Her own garden in Dittisham is where she experiments with new ideas and she is so pleased to be living in a community with such interesting people who have done such extraordinary things. ‘The village is so welcoming and I knew I was part of things when I was roped in for belly-dancing in the village pantomime!’
Coombe Farm Studios
Paul and Tina Riley
Coombe Farm Studios, situated on the outskirts of Dittisham, is a leisure painting centre and gallery set up by Paul and Tina Riley in 1983, when they decided to move their family out of London. Their idea was to create an environment where students of any age or ability could combine learning or honing a creative skill whilst enjoying a holiday in one of the most beautiful parts of England. Now Paul and other invited artists offer courses throughout the year to pass on their skills which encompass all painting media, sculptural ceramics and pottery.
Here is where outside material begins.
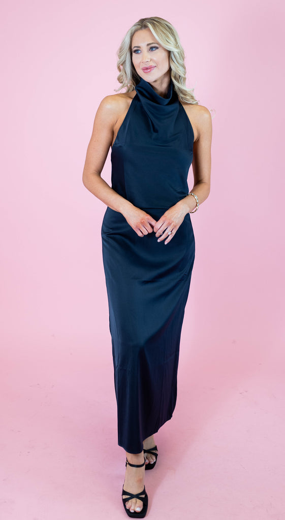 Elevate your wardrobe with the Simply Satin Cowl Halter Top, where luxurious fabric meets flattering design. The graceful cowl neckline drapes elegantly, creating a sophisticated silhouette that works beautifully for both casual outings and special occasions. Available in three timeless shades—champagne, ivory, and navy—this versatile piece pairs effortlessly with your favorite bottoms. The smooth satin finish catches light beautifully, adding an instant touch of polish to any look. Whether you're dressing up or down, this halter top delivers understated elegance with undeniable impact.
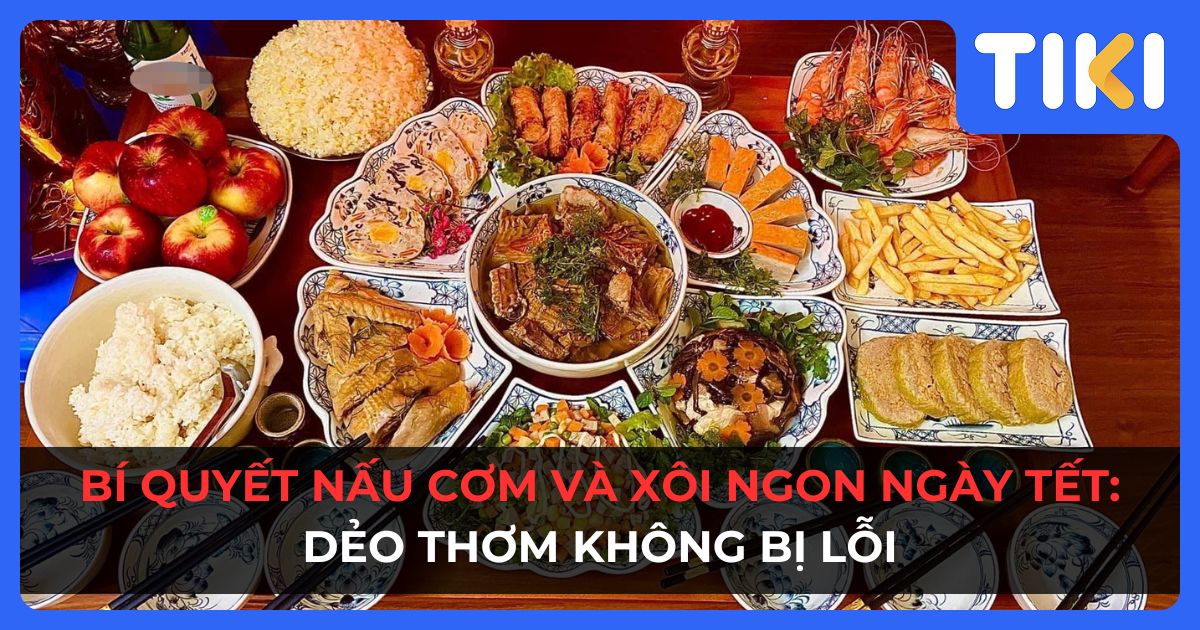 Để mâm cỗ đầu năm thêm trọn vẹn, việc chuẩn bị những bát cơm trắng ngần hay đĩa xôi gấc đỏ tươi dẻo thơm là điều vô cùng quan trọng. Hãy cùng Tiki khám phá ngay những bí quyết nấu cơm và xôi ngon ngày Tết dưới đây để món ăn luôn chuẩn vị, không lo bị khô hay nát, giúp bạn tự tin trổ tài chiêu đãi cả gia đình nhé!

Paul is a renowned artist whose work has been exhibited in galleries all over the world. Best known for his watercolours; greatly influenced by China and Japan, his latest project is a series of hand tinted woodcuts – Patchwork Fields, Snowy River and Misty Trees. With advice from Japanese artist friends to procure the necessary tools and brushes to do the job he has produced woodcuts on a grand scale using watercolour rather than the more usual oil based paints. The process certainly required a very steady hand and unlimited patience and skill .The resultant unique prints are then hand tinted by Paul to add depth and atmosphere.
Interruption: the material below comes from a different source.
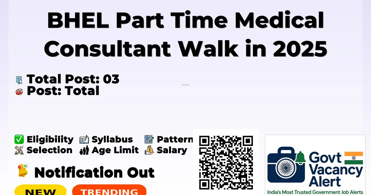 Bharat Heavy Electricals (BHEL) Recruitment 2025 for 03 posts of Part Time Medical Consultant. Candidates with Diploma, PG Diploma Can attend the walkin. The Walk-in starts from 18-11-2025, and ends on 20-11-2025. For detailed information please visit BHEL official website, bhel.in.
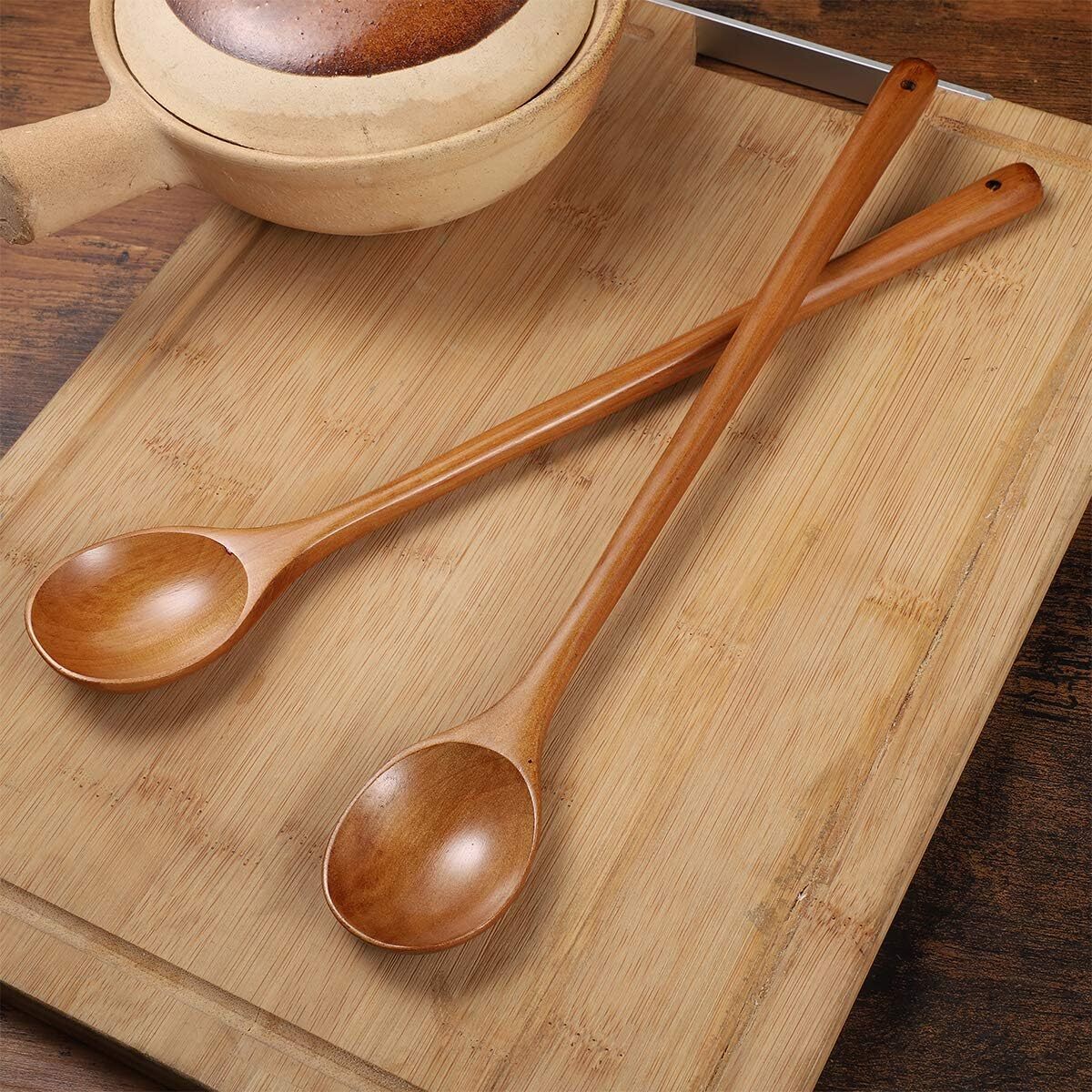 - ファッション 木製ロングハンドル調理スプーン 2本セット 高耐熱性 レストラン用

The woodcuts can be seen at Coombe (Dittisham) and at the Coombe Gallery in Foss Street, Dartmouth. Paul will be running a short course in traditional woodcutting techniques at Coombe Farm Studios in November.
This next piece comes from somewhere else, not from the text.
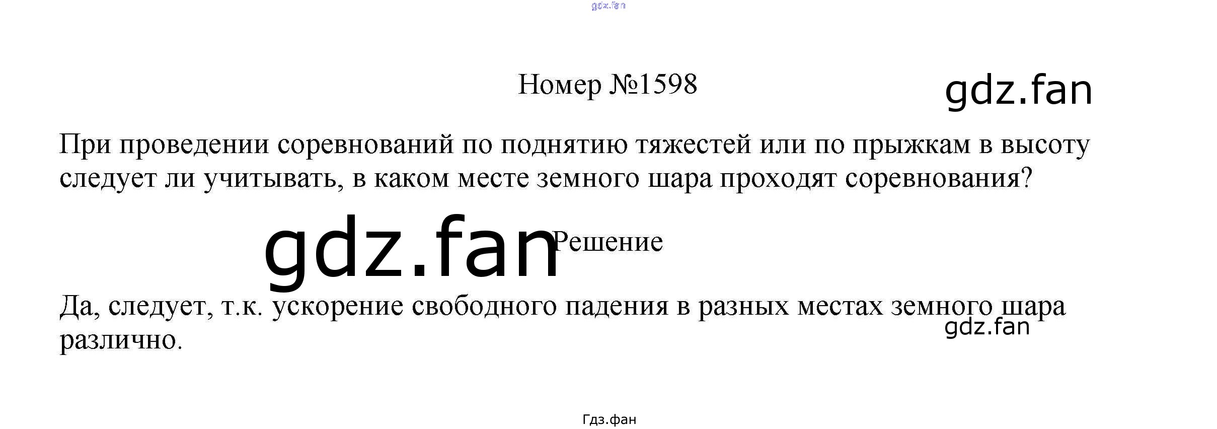 Проверка домашнего задания всегда занимает большое количество времени. На помощь приходит ГДЗ фан по Физике седьмого класса. Здесь собраны популярные ответы на 1598 (стр. 187) Физика 7-9 классы сборник вопросов и задач Марон А.Е.

As well as a rich programme of courses in Dittisham, Paul also lectures and takes students to paint abroad. He and Tina are shortly off to Venice to conduct a seven day art course there. In the next months he will also be working with Scandinavian students in both Denmark and Sweden. Lecturing on cruise ships has taken Paul and Tina around the world including a memorable trip to Antarctica. They enjoy travelling the world but coming home to Dittisham never loses its appeal. As Paul acknowledges, ‘Not only is it a beautiful village with wonderful people living in it but I am never short of stunning views to paint! We find our students love it here and even after all these years, I still very much enjoy teaching people and introducing them to the special world of art.”